§ Material to process:
--

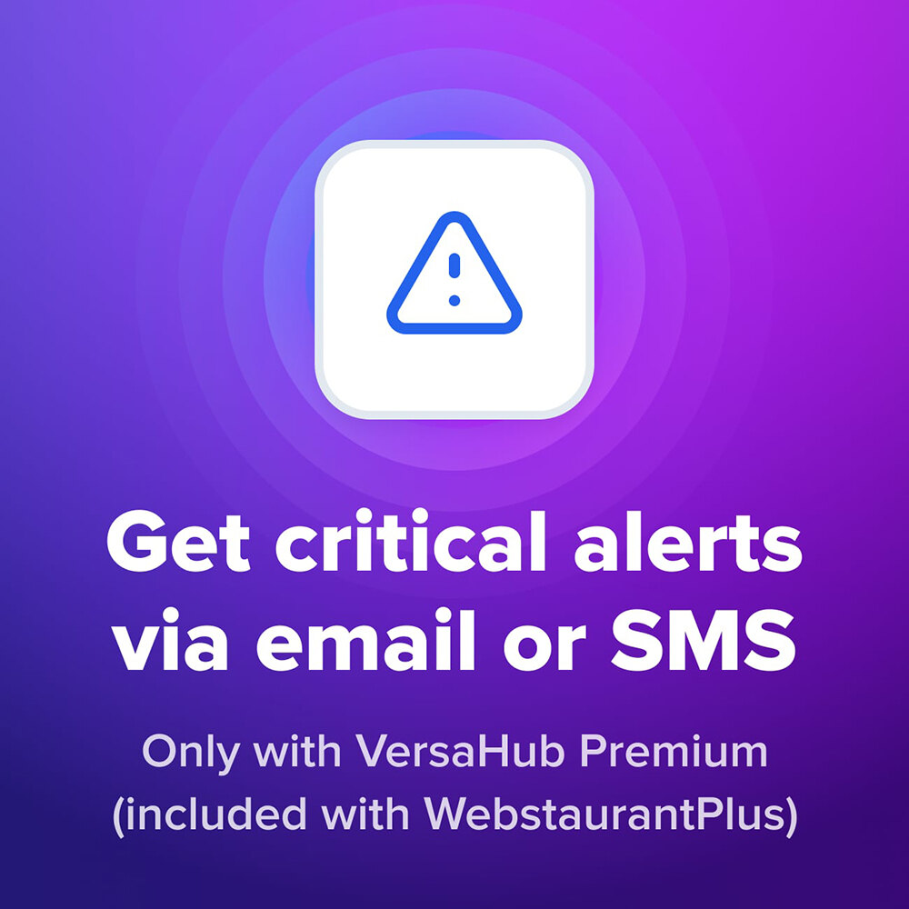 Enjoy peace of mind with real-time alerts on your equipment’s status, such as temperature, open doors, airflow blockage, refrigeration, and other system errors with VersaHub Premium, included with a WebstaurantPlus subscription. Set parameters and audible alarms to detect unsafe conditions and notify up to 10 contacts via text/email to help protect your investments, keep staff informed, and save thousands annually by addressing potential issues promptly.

--

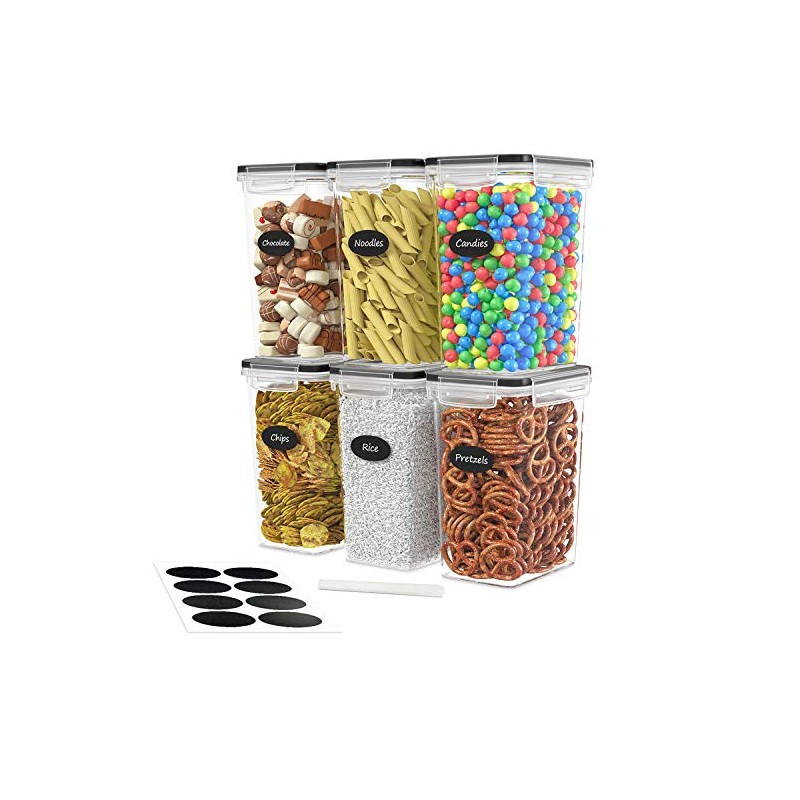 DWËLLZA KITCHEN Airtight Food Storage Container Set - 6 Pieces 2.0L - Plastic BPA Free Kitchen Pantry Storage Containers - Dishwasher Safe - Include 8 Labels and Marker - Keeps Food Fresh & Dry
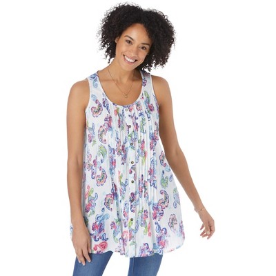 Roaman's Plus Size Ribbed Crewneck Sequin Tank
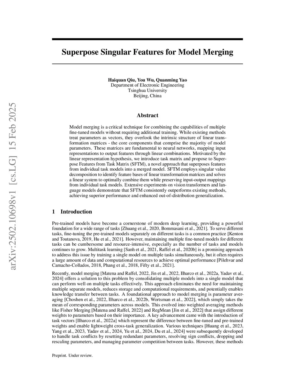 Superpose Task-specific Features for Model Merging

--

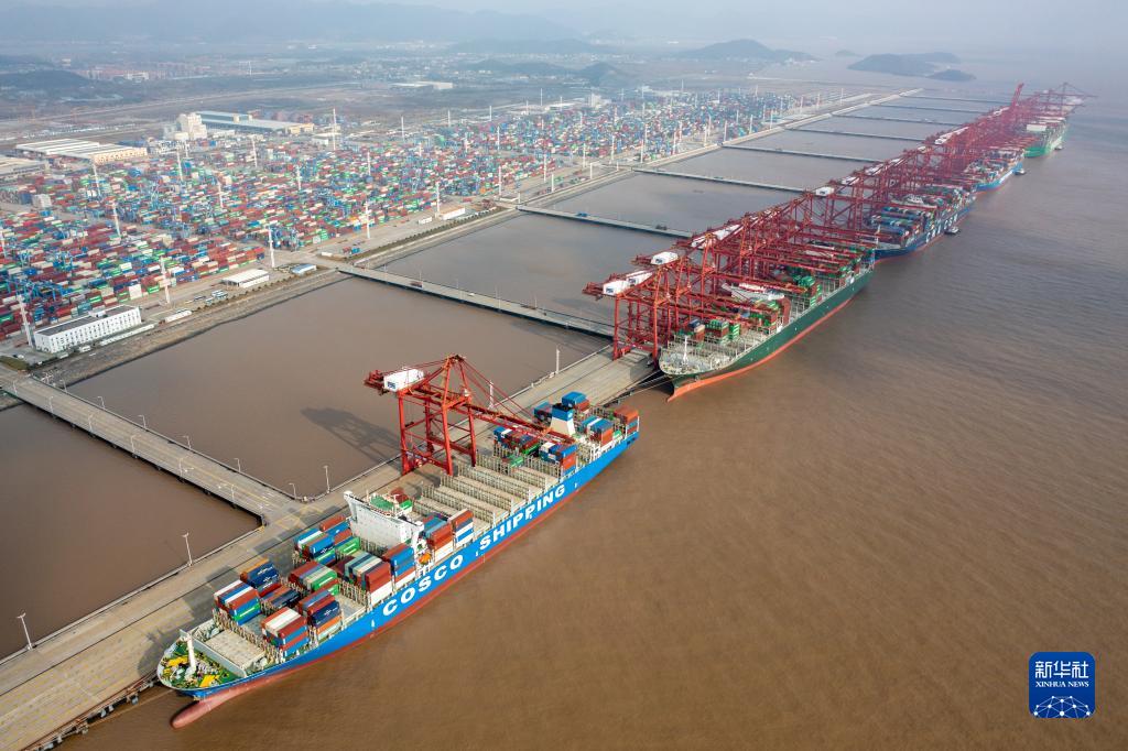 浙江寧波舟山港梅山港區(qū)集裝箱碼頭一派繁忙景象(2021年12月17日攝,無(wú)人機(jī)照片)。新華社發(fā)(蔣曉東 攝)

--

§ Directions for this task: Between and including the line above that contains "DWËLLZA KITCHEN Airtight" and the line that contains "Superpose Task-specific Features", restate every line word for word. Pictures stay out.

§ Solution:
 DWËLLZA KITCHEN Airtight Food Storage Container Set - 6 Pieces 2.0L - Plastic BPA Free Kitchen Pantry Storage Containers - Dishwasher Safe - Include 8 Labels and Marker - Keeps Food Fresh & Dry
 Roaman's Plus Size Ribbed Crewneck Sequin Tank
 Superpose Task-specific Features for Model Merging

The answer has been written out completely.